Pakistan says Iran-US two-week ceasefire agreed

If you’re trying to make sense of tonight’s headlines, here’s the short version: Pakistan says a two‑week ceasefire between Iran and the United States has been agreed. Hours earlier, a well‑placed Pakistani contact told the BBC that talks were moving “at pace”, with Islamabad passing messages between the two sides. For students following along, think of this as fast, back‑channel diplomacy under pressure.

Officials kept the negotiating team deliberately small. The mood, that source said, was sombre and serious yet still hopeful, with only hours left to freeze the fighting. They also stressed they were not inside the smallest decision‑making circle, a reminder that credible briefings can sit one step removed from the room where decisions are made.

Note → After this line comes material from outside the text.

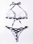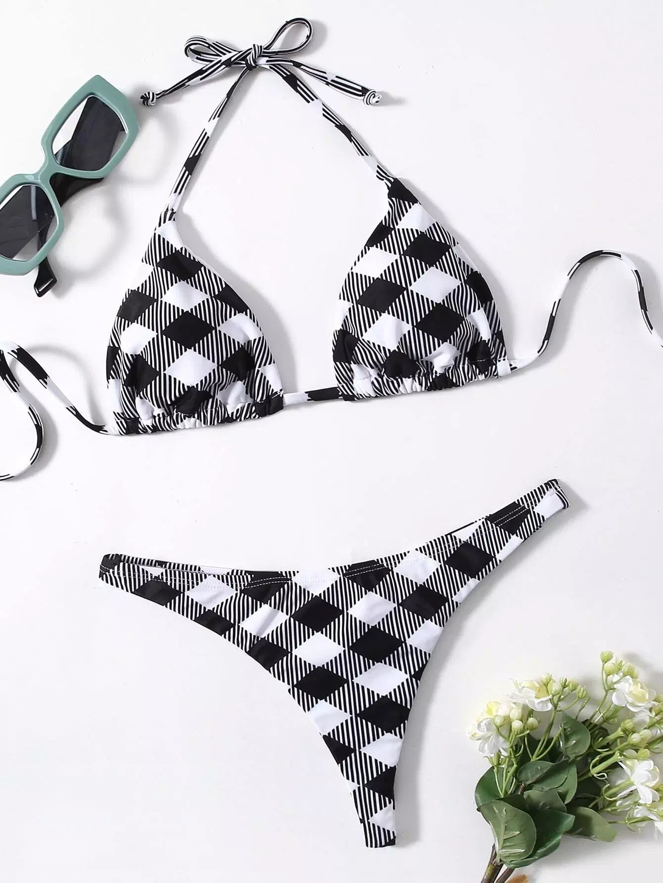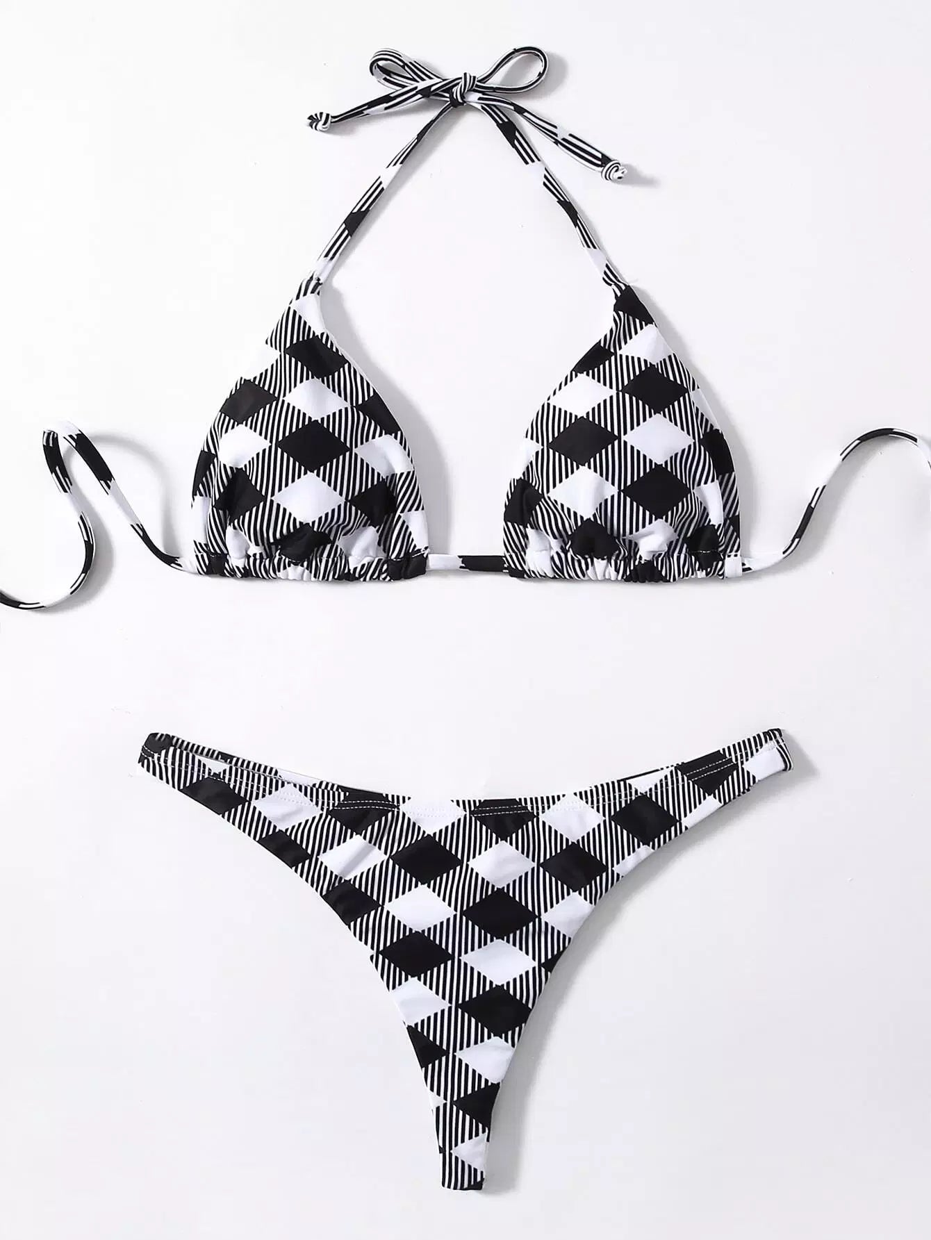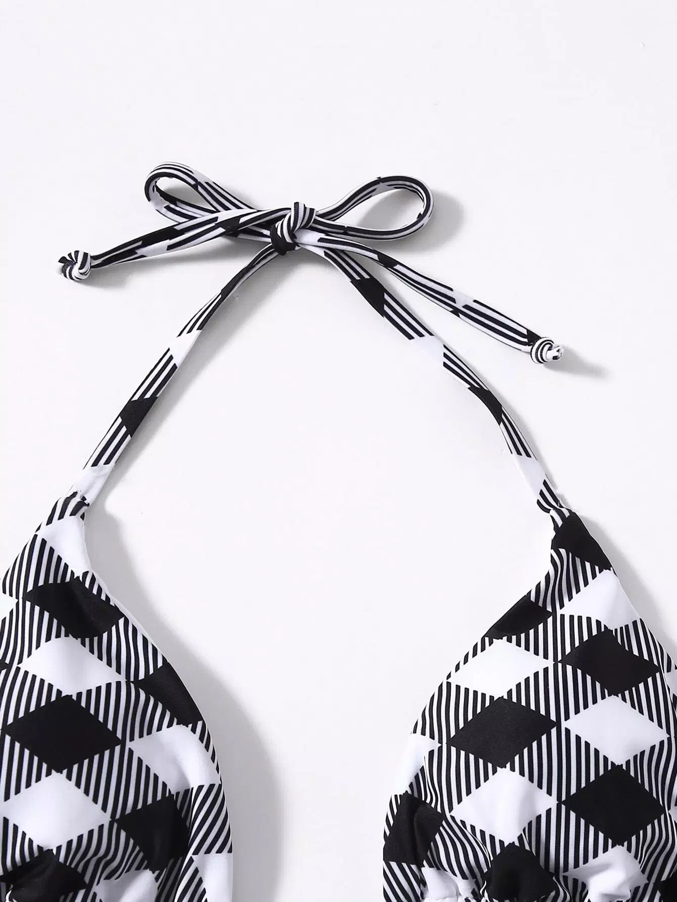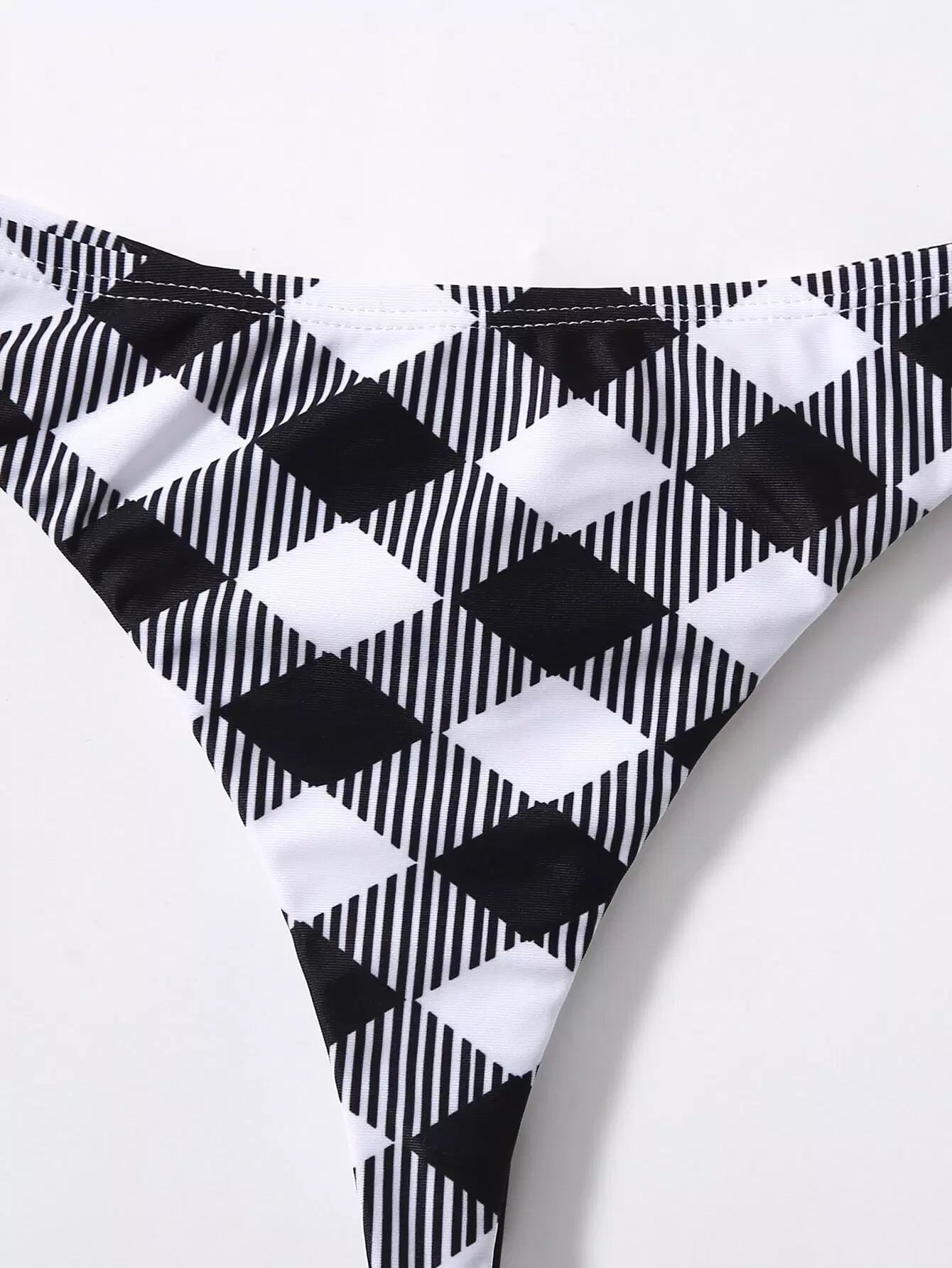 ملابس سباحة بيكيني بطبعة مربعات عشوائية

Why Pakistan? It shares a border and long ties with Iran, and often calls that connection “brotherly”. Over recent weeks, Pakistani officials have shuttled messages between Tehran and Washington. On the US track, President Trump has publicly called Pakistan’s army chief, Field Marshall Asim Munir, his “favourite” field marshal and claimed he knows Iran “better than most” - signalling political warmth more than formal protocol.

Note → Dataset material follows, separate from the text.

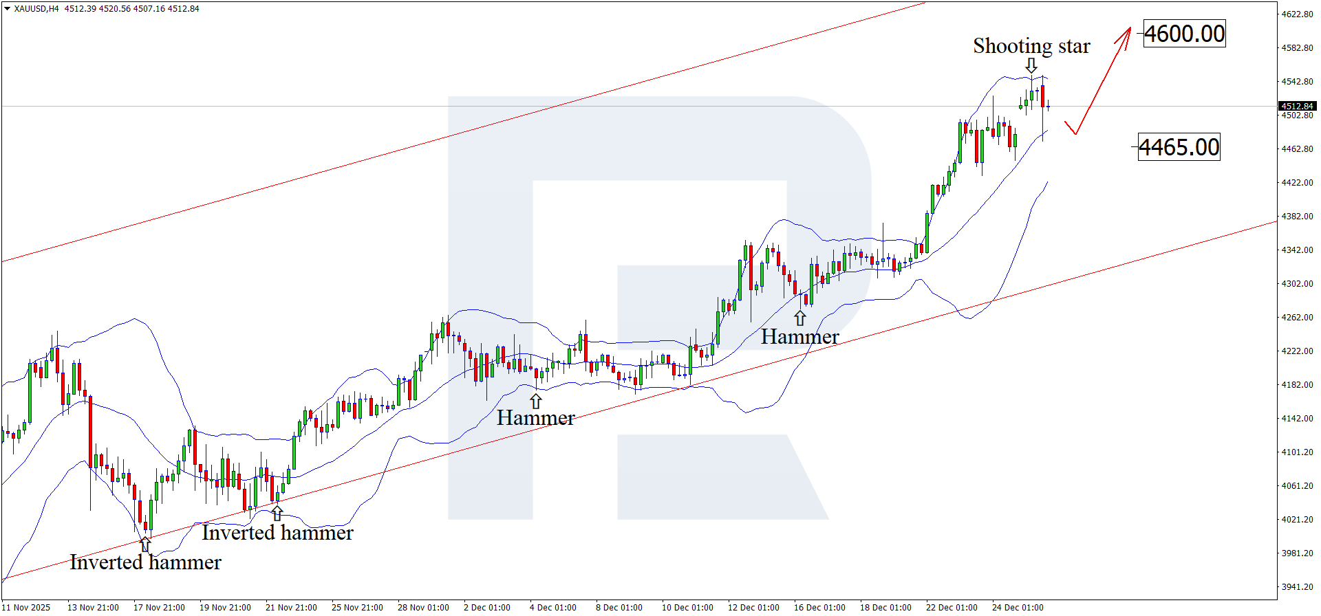 Gold continues to strengthen against the USD, with XAUUSD quotes testing the 4,550 USD level. Details — in our analysis for 29 December 2025.

Right up to Tuesday night the deal looked far from certain. In parliament, Foreign Minister Ishaq Dar said they had been “very optimistic” until Israel launched an attack on Iran on Monday and Iran then struck Saudi Arabia. He added that Pakistan was still trying to manage events as best it could, underscoring how quickly crises can widen across the region.

Pakistan’s top soldier, Field Marshall Munir, went further in remarks to military officials, arguing that the strike on Saudi Arabia “spoils sincere efforts to resolve the conflict through peaceful means”. For Pakistan, which holds a defence pact with Saudi Arabia, that was unusually sharp language directed towards Iran and shows how security ties can shape diplomatic messages.

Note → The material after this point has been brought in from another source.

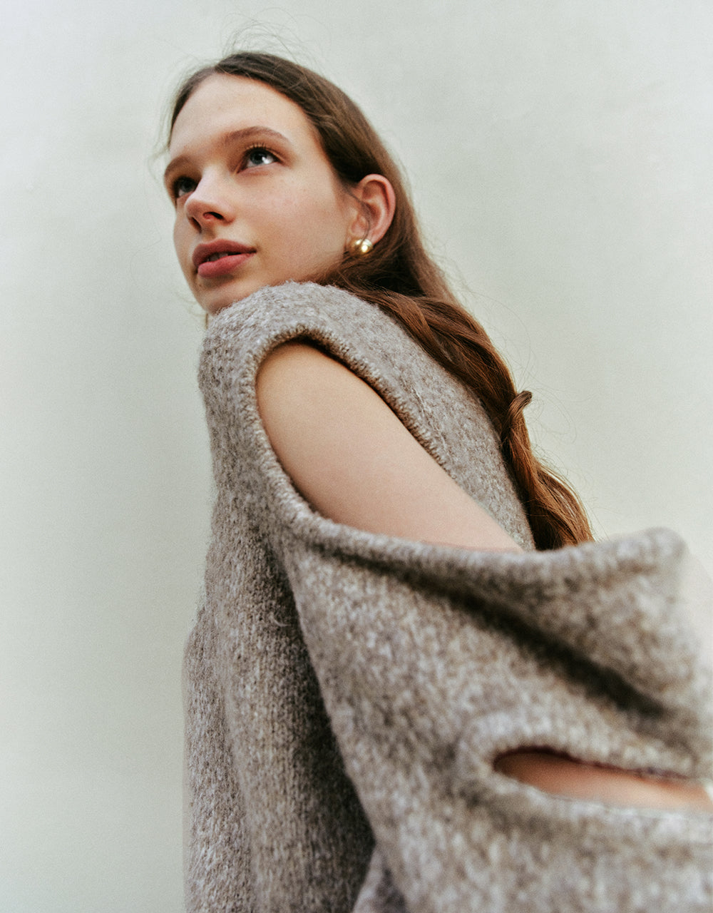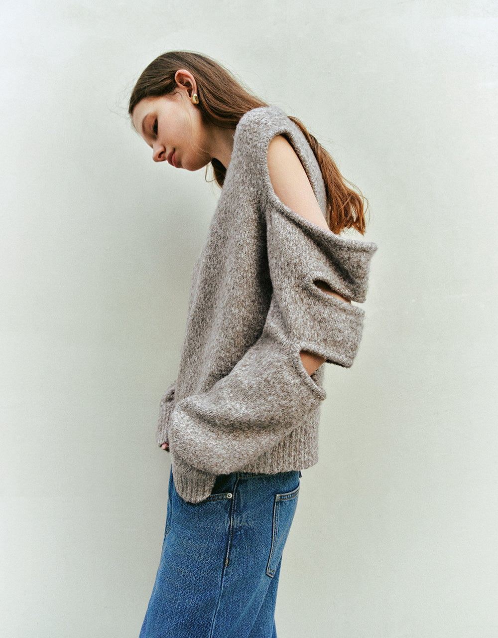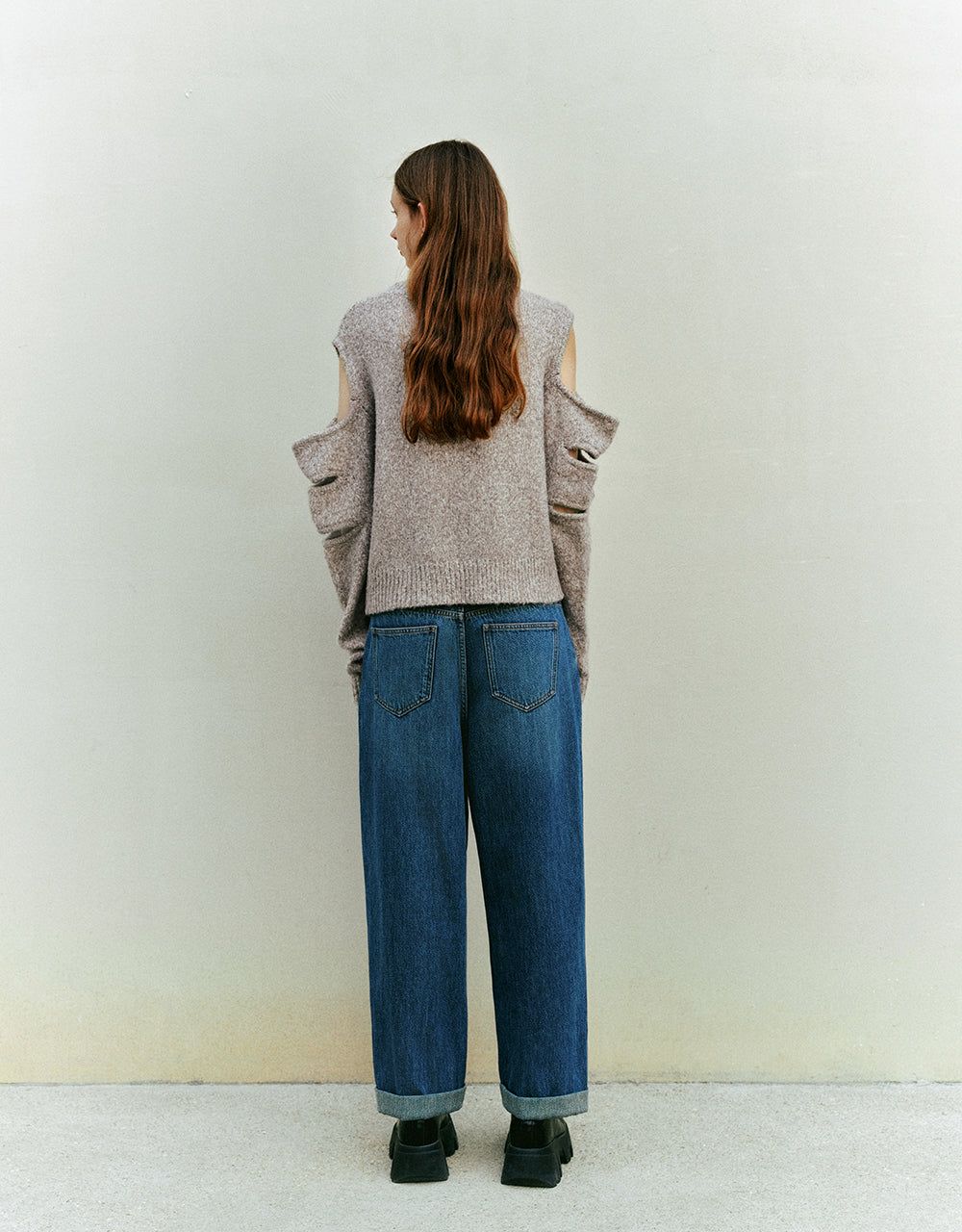 Cold Shoulder Crew Neck Knitted T-Shirt

Some analysts read those remarks as added pressure on Tehran. The defence pact with Riyadh has not been invoked, despite repeated attacks on Saudi territory, but its very existence hangs over the talks. For you as a reader, the take‑home point is that alliances don’t always activate - sometimes they just persuade.

Just after midnight in Islamabad, the prime minister posted on X that diplomatic work was “progressing steadily, strongly and powerfully”, with the potential for “substantive results” soon. He publicly asked President Trump to extend a deadline by two weeks and urged Iran to open the Strait of Hormuz for the same period, a practical ask aimed at calming trade and energy worries.

Around 03:00 local time in Pakistan - midnight BST - Iran’s ambassador in Islamabad, Reza Amiri Moghadam, posted that talks had moved “a step forward from [a] critical, sensitive stage”. In fast‑moving diplomacy these small public signals matter because they prepare domestic audiences for a shift and test how the other side reacts.

Just before 05:00, the prime minister announced that a ceasefire had been agreed and invited both parties to meet in Islamabad on Friday, 10 April, to work towards a fuller settlement. That invitation anchors the truce to a date and a place, turning a fragile pause into a scheduled process - at least on paper.

Even so, caution is wise. The original Pakistani source used the phrase “continued fragility” and pointed to deep distrust between Washington and Tehran. If you’re studying peace processes, file this as a classic fragile freeze: useful, but only if both sides keep seeing value in the pause.

How should we read today’s claims? Start with attribution. Much of what we know comes from on‑the‑record statements in Pakistan’s parliament, short posts on X by named officials, and one anonymous briefing. That mix is common in crises; it’s why we track the next confirmed steps - opening the Strait, extending timelines, and showing up for talks - rather than only the words.

What to watch next: whether the Strait of Hormuz opens for the full two weeks, whether either side frames the ceasefire as strictly conditional, and whether the 10 April talks begin on time in Islamabad. If those three points hold, this two‑week truce has a real chance to turn from pause into process.